**Task requirements**. Write out the lines below exactly, beginning at the one with "Kosovo Deaf Working Group" and stopping after the one with "Call 225-929-8642 to"; the pictures are not copied.
Data for this exercise START
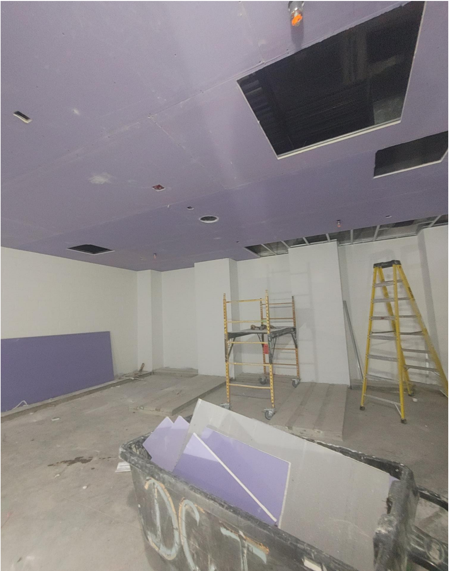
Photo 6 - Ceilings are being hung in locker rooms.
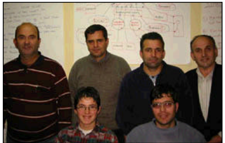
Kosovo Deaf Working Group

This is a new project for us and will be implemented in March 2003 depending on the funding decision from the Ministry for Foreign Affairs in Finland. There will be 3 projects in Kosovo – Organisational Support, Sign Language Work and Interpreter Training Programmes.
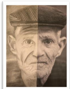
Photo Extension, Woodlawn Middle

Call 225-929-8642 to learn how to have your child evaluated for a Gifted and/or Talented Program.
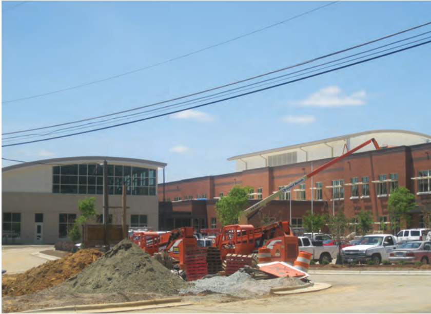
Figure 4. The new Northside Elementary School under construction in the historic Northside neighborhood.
Data for this exercise END
Data for this exercise START
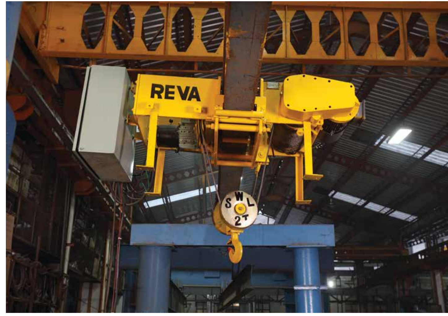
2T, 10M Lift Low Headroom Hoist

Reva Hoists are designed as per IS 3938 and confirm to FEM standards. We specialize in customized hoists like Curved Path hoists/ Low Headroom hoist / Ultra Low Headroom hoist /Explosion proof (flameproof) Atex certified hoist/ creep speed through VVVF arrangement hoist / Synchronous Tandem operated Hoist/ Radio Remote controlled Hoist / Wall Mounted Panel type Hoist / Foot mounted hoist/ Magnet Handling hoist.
Data for this exercise END
Data for this exercise START
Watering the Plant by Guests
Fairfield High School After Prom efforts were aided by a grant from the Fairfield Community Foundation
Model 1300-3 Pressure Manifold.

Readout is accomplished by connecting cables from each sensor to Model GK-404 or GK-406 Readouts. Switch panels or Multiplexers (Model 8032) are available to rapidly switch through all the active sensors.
Data for this exercise END
**Output of the exercise**.
Kosovo Deaf Working Group

This is a new project for us and will be implemented in March 2003 depending on the funding decision from the Ministry for Foreign Affairs in Finland. There will be 3 projects in Kosovo – Organisational Support, Sign Language Work and Interpreter Training Programmes.
Photo Extension, Woodlawn Middle

Call 225-929-8642 to learn how to have your child evaluated for a Gifted and/or Talented Program.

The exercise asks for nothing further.